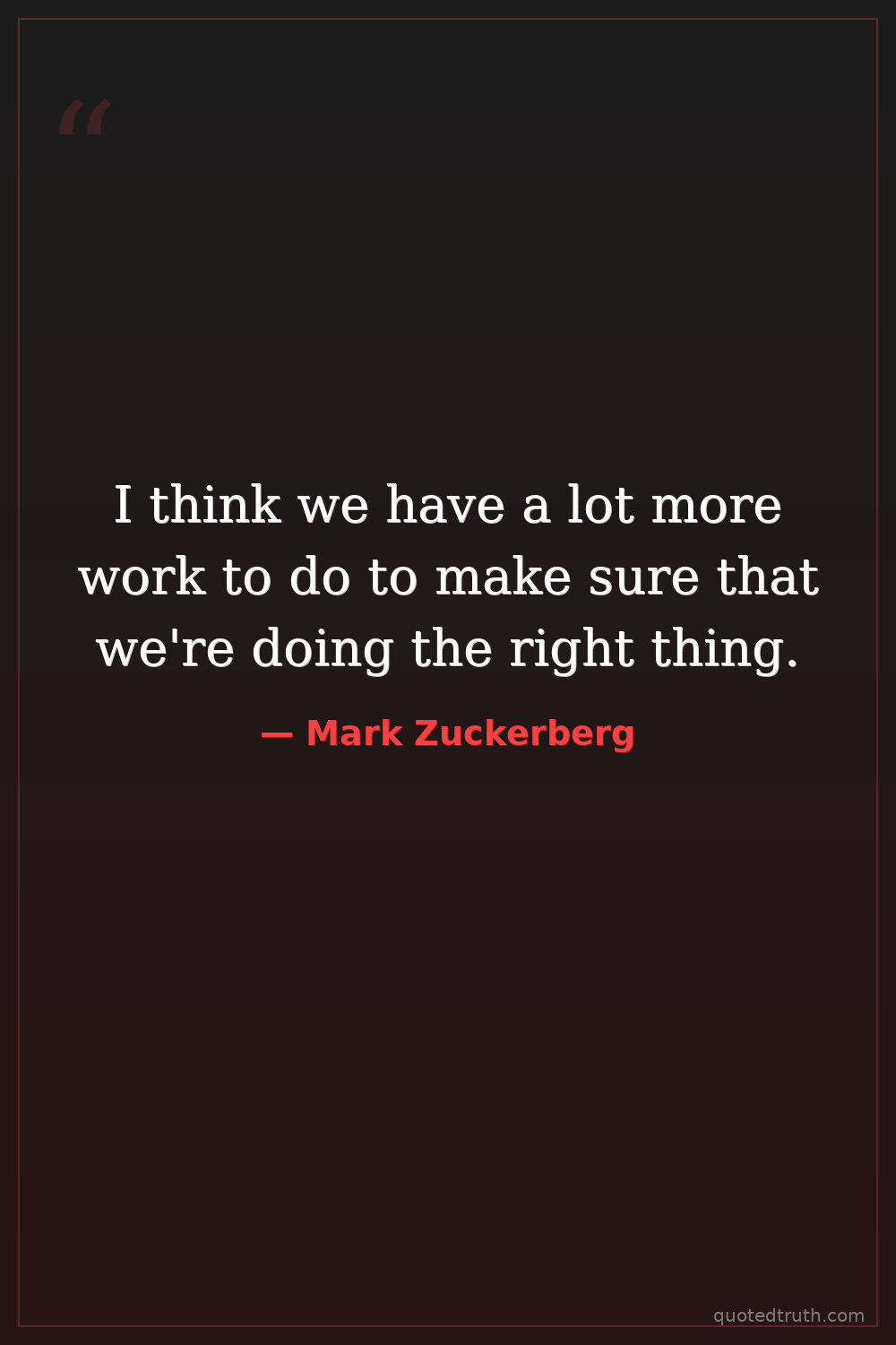 I think we have a lot more work to do to make sure that we're doing the right thing.
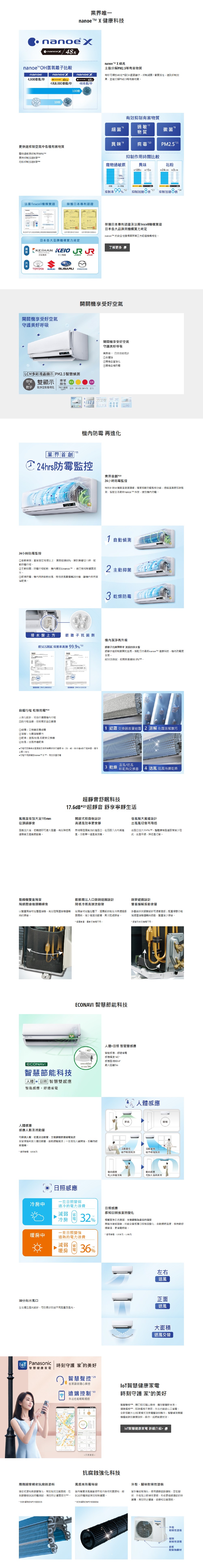 (含標準安裝)Panasonic國際牌變頻冷暖分離式冷氣5坪CS-UX36BA2-CU-UX36BHA2
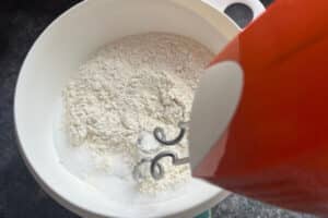 - Mehl, Zucker und Salz in einer Schüssel vermischen.
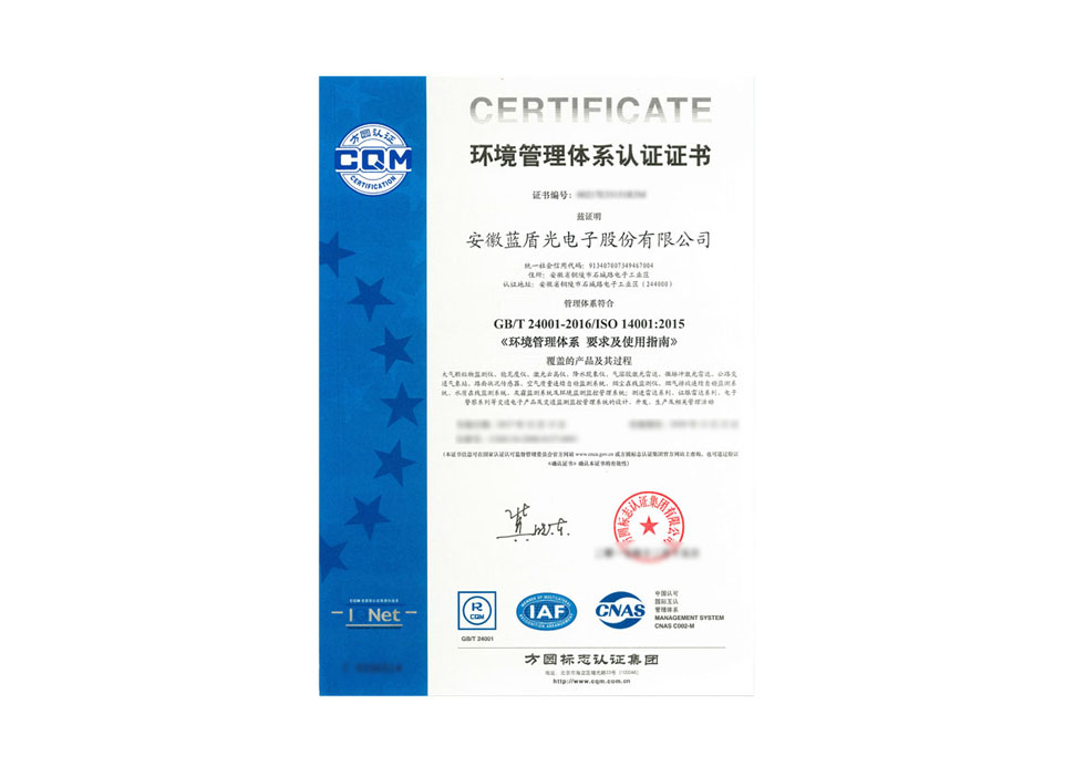 環(huán)境管理體系認(rèn)證證書
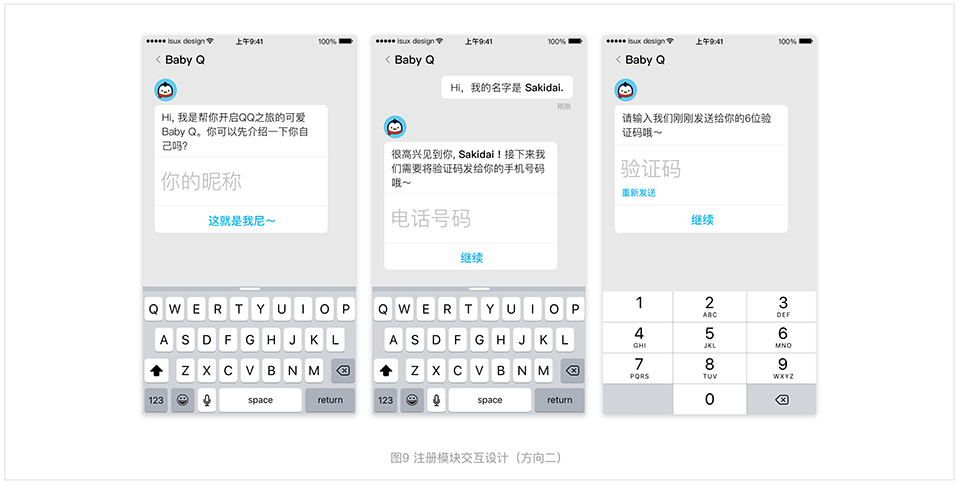 注冊是一個復(fù)雜乏味的交互操作程序,除了一味的下一步再下一步,我們也在思考一些有更多創(chuàng)新點的交互形式。例如我們作為一款社交產(chǎn)品,可借助自身message的形式,讓整個注冊流程像與人交流一樣自然順暢且輕松。這里我們嘗試通過與Baby Q對話來注冊,讓用戶時刻明白自己所處的流程步驟,熟知上下文。同時也會讓注冊產(chǎn)生更多趣味性,并且愿意與Baby Q產(chǎn)生信賴感,提交更多的個人信息。
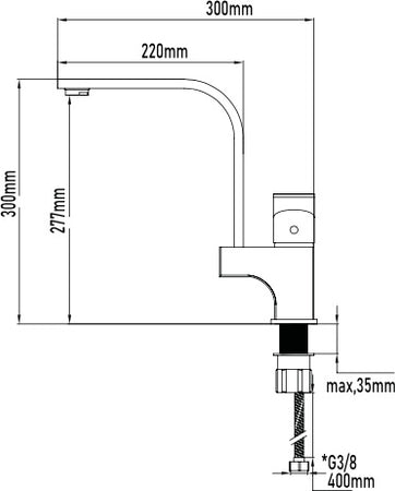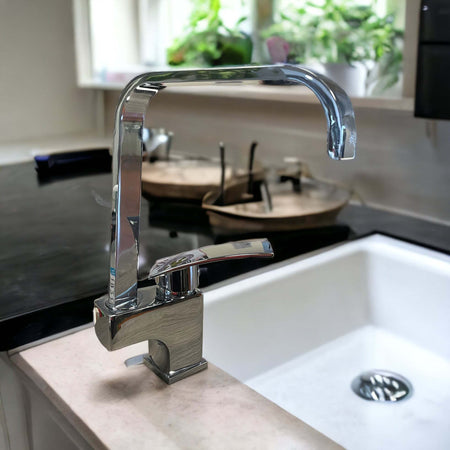 Miscelatore per cucina con canna girevole, stile quadrato moderno
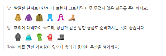 - 상의: 히트텍과 같은 기능성 내의 위에 두꺼운 스웨터, 기모 맨투맨, 후드티 등을 겹쳐 입는 것이 좋습니다.
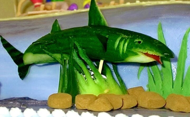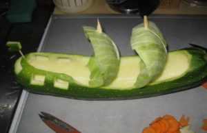 От парчета тиквичка може да се направят перки и опашка. Направете дупка в горната част с клечка за зъби и поставете стръкче магданоз, за да образувате фонтан. Очите могат да се направят от пластилин или зърна черен пипер.

━━━━━━━━

EXERCISE DETAILS -
Repeat verbatim the lines between the start of the data and the line containing "- 상의: 히트텍과 같은", both ends included, omitting all pictures.

ANSWER BOX -
 I think we have a lot more work to do to make sure that we're doing the right thing.
 (含標準安裝)Panasonic國際牌變頻冷暖分離式冷氣5坪CS-UX36BA2-CU-UX36BHA2
 - Mehl, Zucker und Salz in einer Schüssel vermischen.
 環(huán)境管理體系認(rèn)證證書
 注冊是一個復(fù)雜乏味的交互操作程序,除了一味的下一步再下一步,我們也在思考一些有更多創(chuàng)新點的交互形式。例如我們作為一款社交產(chǎn)品,可借助自身message的形式,讓整個注冊流程像與人交流一樣自然順暢且輕松。這里我們嘗試通過與Baby Q對話來注冊,讓用戶時刻明白自己所處的流程步驟,熟知上下文。同時也會讓注冊產(chǎn)生更多趣味性,并且愿意與Baby Q產(chǎn)生信賴感,提交更多的個人信息。
 Miscelatore per cucina con canna girevole, stile quadrato moderno
 - 상의: 히트텍과 같은 기능성 내의 위에 두꺼운 스웨터, 기모 맨투맨, 후드티 등을 겹쳐 입는 것이 좋습니다.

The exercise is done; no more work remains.